In an emailed statement to the Examiner on Monday, municipal spokesperson Maggie-Jane Spray didn’t mention it, but said Halifax “is aware of the street and sidewalk closures in the area and we are working with the developers to ensure a safe demolition site.
“The closures are in compliance with the municipality’s Development Engineering regulations,” Spray wrote.
This is the same site where the municipality pulled a demolition permit and issued a stop work order because the developer started to tear the building down before a tenant had moved out (though the developer has denied this to the Examiner in the past).
Spray said the the city reissued the demolition permit and lifted the stop work order on March 19.
“On Monday, March 8 the municipality was informed that a decision had been made by the Director of Residential Tenancies, regarding 6399 North Street,” Spray wrote. “The decision indicated that the individual who was previously considered a tenant of the building is no longer considered as such. As a result of this outcome, the municipality’s stop work order has been lifted and the demolition permit has been reinstated.”
Crossing problems aren’t limited to one dodgy development
But Khazanavicius’s concerns aren’t just about this one incident; it’s just the latest thing to make her justifiably angry.
“I’m tired. It’s not our responsibility,” she said, referring to herself and other activists.
“We’re cleaning up HRM’s mess. We’re constantly cleaning up HRM’s mess. We don’t get paid. We pay with our mental health. And sooner or later … I’m going to end up paying with my life.”
Khazanavicius’s presentation to the Transportation Standing Committee last week, with Bernard Bessette, focused largely on the pedestrian push buttons at intersections. To sum it up, though you can watch and listen here, they’re different at every intersection. They look different, they’re placed in different positions, and a lot of the time they just don’t work.
These buttons are changing after a recent vote by the committee to require just a one second push, but currently, blind or partially-sighted pedestrians have to press those buttons for three seconds to get an audible signal. Khazanavicius and Bessette called for more inspections.
The day after Khazanavicius’s presentation, Transportation and Public Works director Brad Anguish responded to the criticisms during a meeting of council’s budget committee. Anguish called the presentation “great.” He said staff are working on some of the issues raised and have ramped up inspections, but he said that sometimes the push buttons aren’t actually broken.
“Everybody’s perception of three seconds is not the same,” Anguish said with a laugh. “And sometimes what occurs is, they think they’ve held it for three seconds, but three seconds is not 1-2-3.”
Khazanavicius listened to the meeting on Saturday, and that comment practically made her blood boil.

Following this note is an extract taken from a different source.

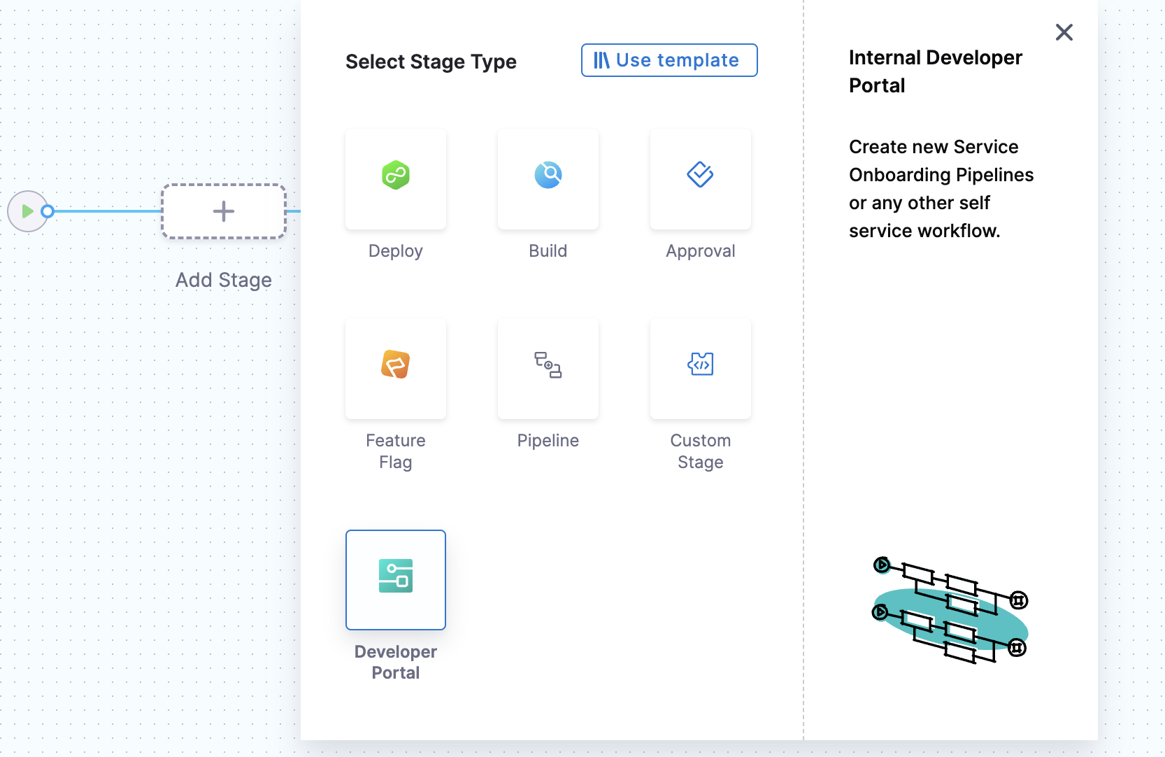 Harness IDP includes a native IDP Stage where all IDP-specific tasks required for pipeline execution are pre-configured as pipeline steps within the stage. This enables quick and efficient creation of self-service workflows.

“Apparently because we’re blind and partially sighted we don’t know how to count in increments of seconds,” she said.
But tired as she may be, Khazanavicius is not giving up the fight. She wants Halifax to start enforcing its rules around construction mitigation and sidewalks, and she’ll keep calling, emailing and making presentations.
“I really hope this is the last time I have to contact them. I’ve got my fingers and toes crossed, but probably it won’t be,” she said.
“The battle doesn’t end. That’s fine. I am an Eastern European. We don’t quit.”